Speed & Agility – Lateral Movement: Lateral shuffles primarily work the muscles in your butt, hips and thighs. This includes the transverse abdominus — the deepest layer of theabdominal muscles — the glutes, hip abductors, quadriceps, hamstrings, hip adductors, calf and shin muscles. The secondary muscles worked are the erector spinae, which are the muscles in your lower back running alongside your spine, and the obliques.
To help with balance, bend and hold your arms in front of your body. Keep your back straight, chest up and your eyes looking straight ahead throughout the exercise. Quicken your steps as you get used to the movement.
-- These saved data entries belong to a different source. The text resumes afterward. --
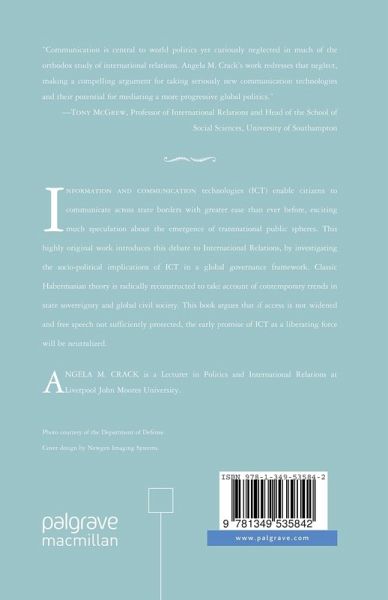 "Communication is central to world politics yet curiously neglected in much of the orthodox study of international relations. Angela Crack s work redresses that neglect making a compelling argument for taking new communication technologies seriously and their potential for mediating a more progressive global politics" - Tony McGrew, Professor of International Relations and Head of the School of Social Sciences, University of Southampton,United Kingdom
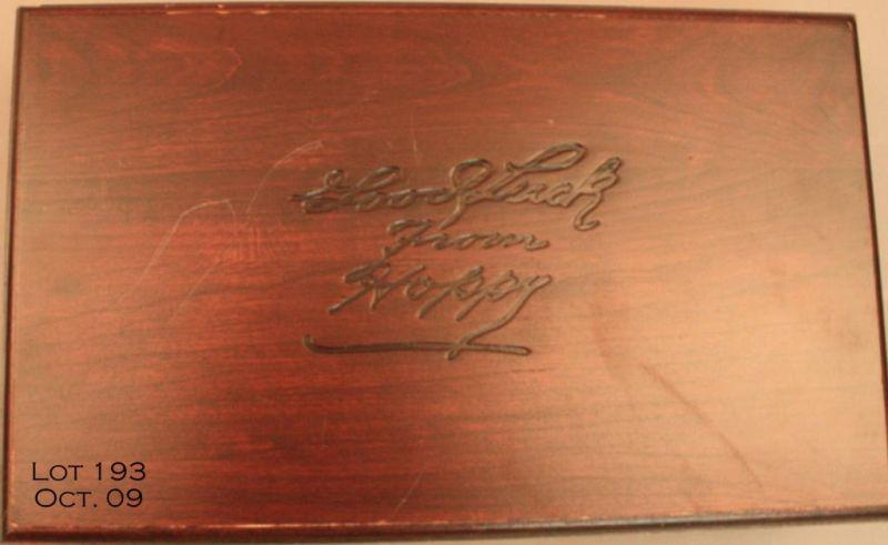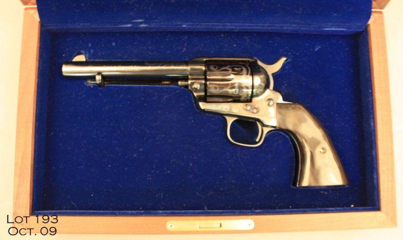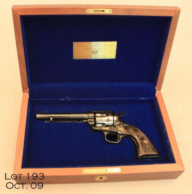 Cased United States Historical Society Hopalong Cassidy Six Shooter Commemorative copy of a Colt SAA revolver, .45 cal., 5-1/2” barrel, blue finish, faux horn grips, #4-SA580. This gun is in overall fine condition showing little handling and just a slight cylinder drag line; silver ornamented in a light vine style with “Hopalong Cassidy” on both sides of the barrel. The case is of wood, nicely lined and the lid is marked “Good Luck from Hoppy”. Est.: $1,250-$2,500.
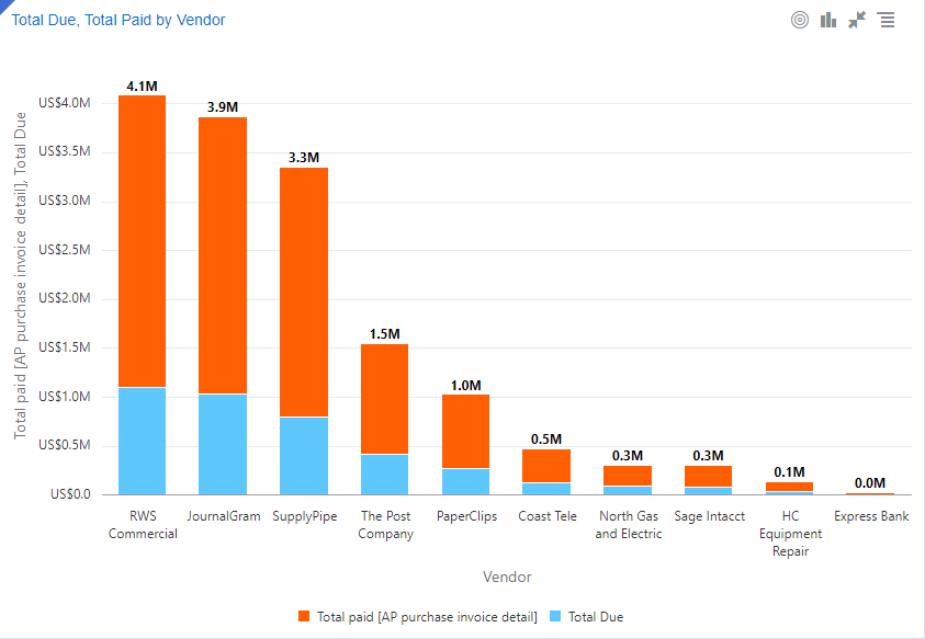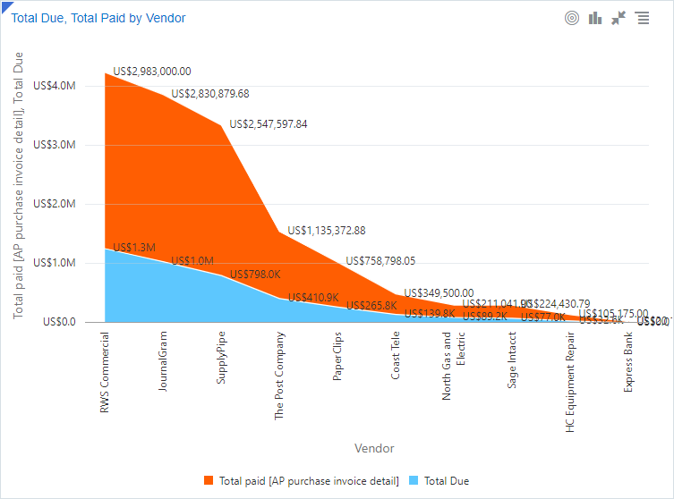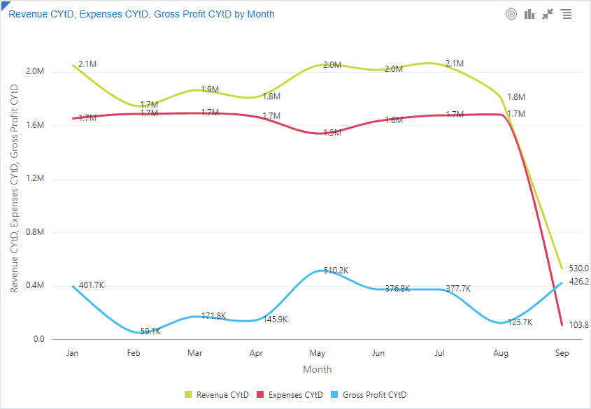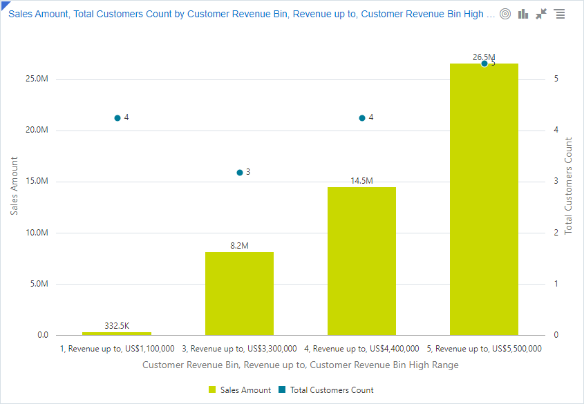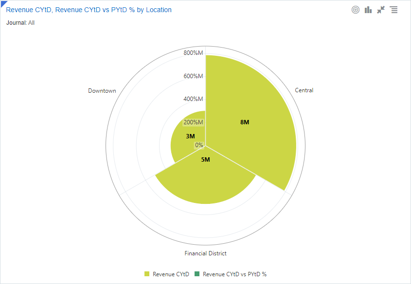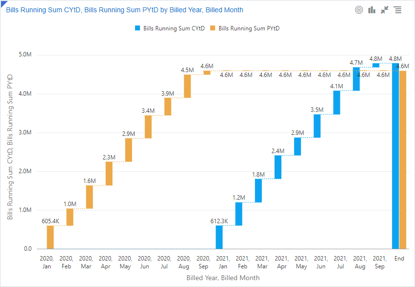 Los gráficos combinados se superponen a dos gráficos diferentes con un eje horizontal compartido. Estos gráficos son útiles para mostrar una comparación entre los dos valores verticales. Puede analizar el contexto de la variable de eje horizontal junto con la comparación de valores verticales. |
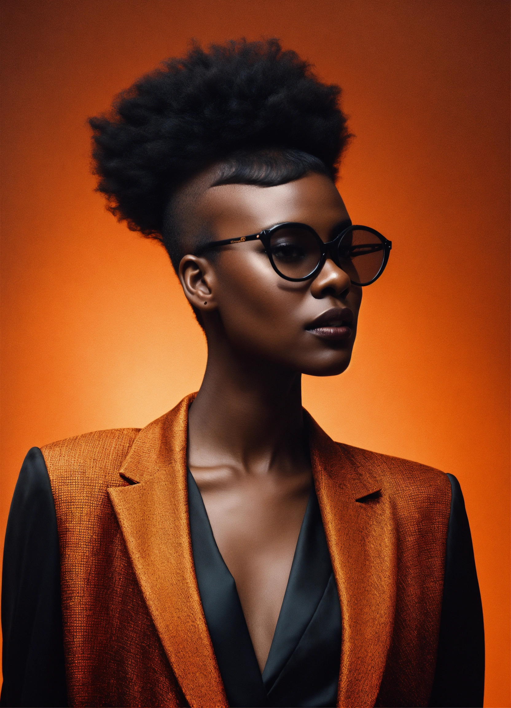 Portrait of a carmel complexion size 9 black woman by flora borsi, style by flora borsi, bold, bright coolers, mohawk haircut, ((flora borsi))
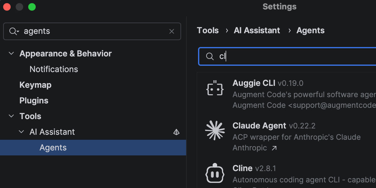 AI チャットでは、Junie、Claude エージェント、Codex に加え、GitHub コパイロットや Cursor(英語) など、より幅広いエージェントを選択できるようになりました。さらに、エージェントクライアントプロトコルを介してサポートされる数十種類の外部エージェントも利用可能です。新しい ACP レジストリ(英語)を使えば、利用可能なエージェントをワンクリックで検索し、インストールできます。
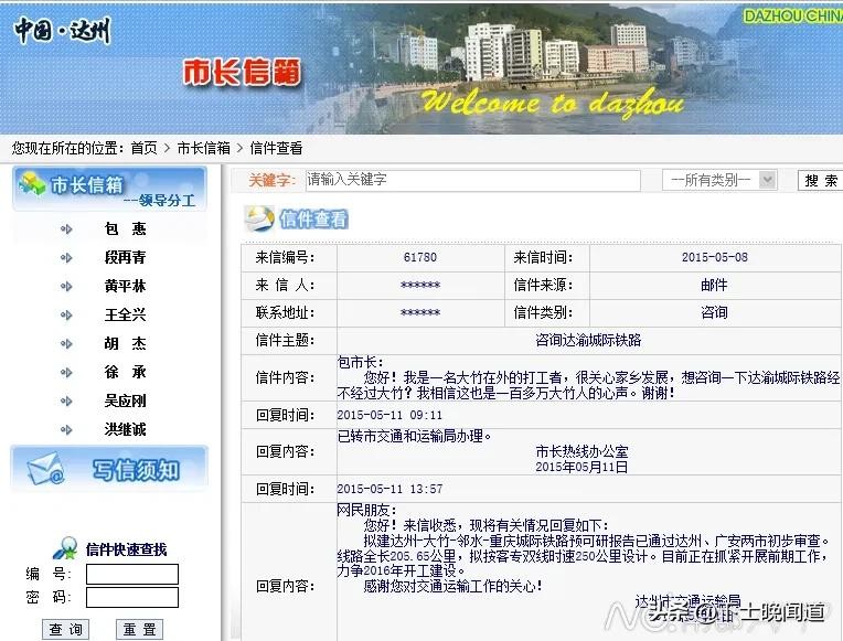 另外,与之对应的是:2015年2月17日,在广安市政府官网/广安资讯中查到,邻水县也积极对上汇报衔接、做好达渝城际铁路建设前期工作。

Strength – Endurance – Power

Stability Ball

Step onto the stability ball, get your balance, and assume the athletic position. Hold for 20 seconds without falling off. Do this 3 times. Level 3.
Strength – Endurance – Power: Standing on a stability ball is a great core exercise and works the entire core and the legs, including the abdominal, oblique, lower back, inner thigh, hamstring, qu3driceps, and calf muscles.
Be sure to maintain balance and to evenly distribute weight.

Med Ball Throws

Two actions: 1) Med Ball Throw: With Med Ball on ground, squat to pick up ball, thrust upward throwing the ball back over your head. 2) Med Ball Chest Throw: With Med Ball at chest height, throw the ball with a two hand chest pass. Level 2.
Strength – Endurance – Power: These develop core strength and power.
Be sure to keep the back straight and to maintain athletic position. On the chest pass, step into the throw with the lead foot.